Roy can't walk into a bar, so he walks into a bowling alley. Have you heard this one before?

Notes:

One day I'll stop coming up with bizarre mental images for my own prompts at 10:30 PM and starting them on my phone… But It Is Not This* Day.

(*April 14, apparently)

"Modern AU" for 520 Bingo! Everybody is going to live. I promise everybody is going to live. Happily ever after, even!
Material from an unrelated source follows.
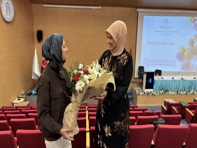 Ders sırasında çok duygulandığını belirten Yılmaz, "Burada ekstra duygulanmamın sebebi kendi hocalık yaptığım yerde ilk dersimi anlatırken o bölgeden gelen Emine Kübra, düşünün ki Tıp Fakültesi en zor kazanılan okullardan bir tanesi; hem depremi yaşayacak hem o zorluğun içinde ders çalışacak ve gelip Ankara'da üniversite okuyacak. Biz onunla gurur duyuyoruz. Bir de bana çiçek almış. Bizim ona çiçek vermemiz lazım. Artık Emine Kübra benim kızım, ben onun ablası olurum, annesi olurum beraber okuruz burada" ifadelerini kullandı.

Sad tone on this one, though, so proceed with caution. ♥

Work Text:

Roy feels like a ghost—incorporeal, transparent, disconnected.  Excised from what he recognized as his own life and his own time.  People look past him and through him, which makes sense, because he’s not sure that any of this is real.

He wants a drink.  He wants to wrap both hands around a cold glass of something and feel the condensation on his skin.  He wants to be sure that objects won’t just pass right through him.

It was a grave—ha—entrepreneurial oversight not to put a bar directly across the street from the hospital.  They’d make a killing, or a dying, or both of the above and quite a lot of tips to boot.  Is there some sort of prohibition in the zoning?  That sounds like exactly the sort of thing that some well-intentioned paperwork-pushing civil servant would impose on ordinary citizens who just need a fucking drink, now, please, oh, God

Beyond the endless tarmac sprawl of the parking lot—broken only by the occasional cement-rimmed island with a tragic little tree—Roy finds some dingy storefronts.  One of them is a bowling alley.

Fuck it, as Jean would probably say, if Jean was currently conscious.  Any port in a storm.  Any gasp of air in a flash flood.

If Roy is a ghost, he must be a poltergeist, at least: he’s able to open the door.  He proceeds through the hellish, trilling, neon-flashing sensory overload of a small arcade, at the other side of which a lousy bar with sticky counters waits like an oasis next to the bowling lanes.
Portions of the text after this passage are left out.